The headset 100 may correct or enhance the vision of a user, protect the eye of a user, or provide images to a user. The headset 100 may be eyeglasses which correct for defects in a user’s eyesight. The headset 100 may be sunglasses which protect a user’s eye from the sun. The headset 100 may be safety glasses which protect a user’s eye from impact. The headset 100 may be a night vision device or infrared goggles to enhance a user’s vision at night. The headset 100 may be a near-eye display that produces artificial reality content for the user. Alternatively, the headset 100 may not include a lens 110 and may be a frame 105 with an audio system that provides audio content (e.g., music, radio, podcasts) to a user.
The frame 105 includes a front part that holds the lens 110 and end pieces to attach to the user. The front part of the frame 105 bridges the top of a nose of the user. The end pieces (e.g., temples) are portions of the frame 105 that hold the headset 100 in place on a user (e.g., each end piece extends over a corresponding ear of the user). The length of the end piece may be adjustable to fit different users. The end piece may also include a portion that curls behind the ear of the user (e.g., temple tip, ear piece).

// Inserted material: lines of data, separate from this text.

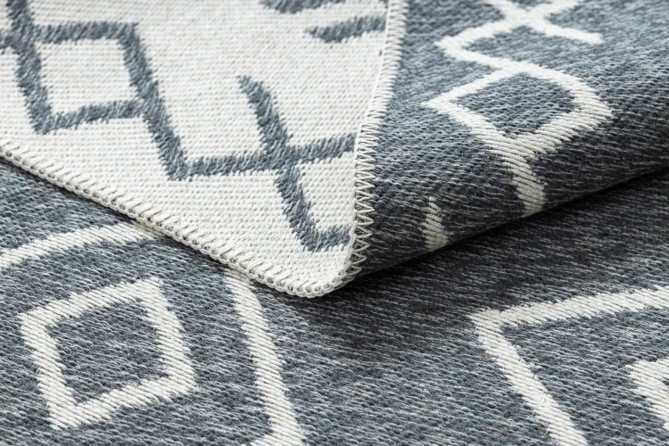 Szaro-kremowy dywan z geometrycznym wzorem, który idealnie wypełni długi korytarz, nadając mu nowoczesny charakter.
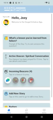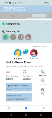 The Gospel Initiative App equips Christians to confidently share their faith, love non-Christians intentionally, and unite in prayer with a growing community of believers.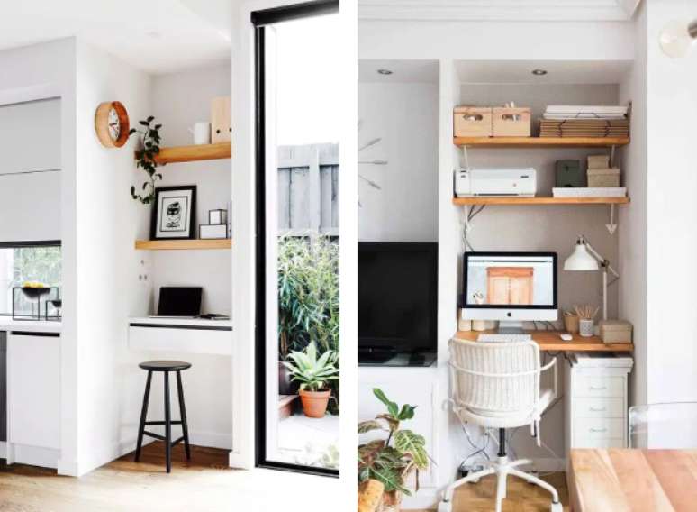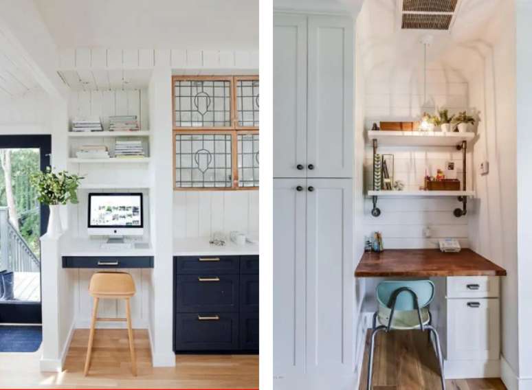 Se você tem um pequeno canto perto da janela, da porta, ou talvez entre os armários da cozinha, você pode optar por um home office embutido.

The lens 110 provides or transmits light to a user wearing the headset 100. The lens 110 may be prescription lens (e.g., single vision, bifocal and trifocal, or progressive) to help correct for defects in a user’s eyesight. The prescription lens transmits ambient light to the user wearing the headset 100. The transmitted ambient light may be altered by the prescription lens to correct for defects in the user’s eyesight. The lens 110 may be a polarized lens or a tinted lens to protect the user’s eyes from the sun. The lens 110 may be one or more waveguides as part of a waveguide display in which image light is coupled through an end or edge of the waveguide to the eye of the user. The lens 110 may include an electronic display for providing image light and may also include an optics block for magnifying image light from the electronic display. Additional detail regarding the lens 110 is discussed with regards to FIG. 5. The lens 110 is held by a front part of the frame 105 of the headset 100.